* SUPPLIED DATA:

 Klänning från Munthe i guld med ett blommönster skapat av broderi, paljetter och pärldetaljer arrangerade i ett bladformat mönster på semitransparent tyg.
...
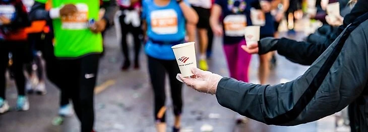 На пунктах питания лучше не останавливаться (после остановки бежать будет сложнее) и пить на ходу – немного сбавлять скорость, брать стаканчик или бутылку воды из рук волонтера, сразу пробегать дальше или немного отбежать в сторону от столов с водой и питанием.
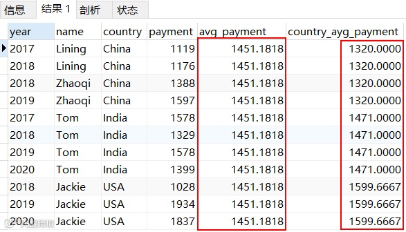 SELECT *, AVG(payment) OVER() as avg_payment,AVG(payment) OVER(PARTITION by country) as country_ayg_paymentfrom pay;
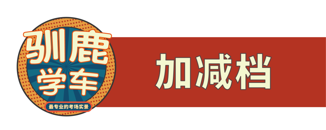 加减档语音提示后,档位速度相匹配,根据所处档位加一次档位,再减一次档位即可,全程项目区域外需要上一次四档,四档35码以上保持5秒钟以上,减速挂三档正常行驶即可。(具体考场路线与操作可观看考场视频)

* TASK REQUIREMENTS: In the entries above, find the line containing "SELECT *, AVG(payment)" and the line containing "加减档语音提示后,档位速度相", then copy both and every line between them exactly, without any picture.

* RESULT FOR THIS TASK:
 SELECT *, AVG(payment) OVER() as avg_payment,AVG(payment) OVER(PARTITION by country) as country_ayg_paymentfrom pay;
 加减档语音提示后,档位速度相匹配,根据所处档位加一次档位,再减一次档位即可,全程项目区域外需要上一次四档,四档35码以上保持5秒钟以上,减速挂三档正常行驶即可。(具体考场路线与操作可观看考场视频)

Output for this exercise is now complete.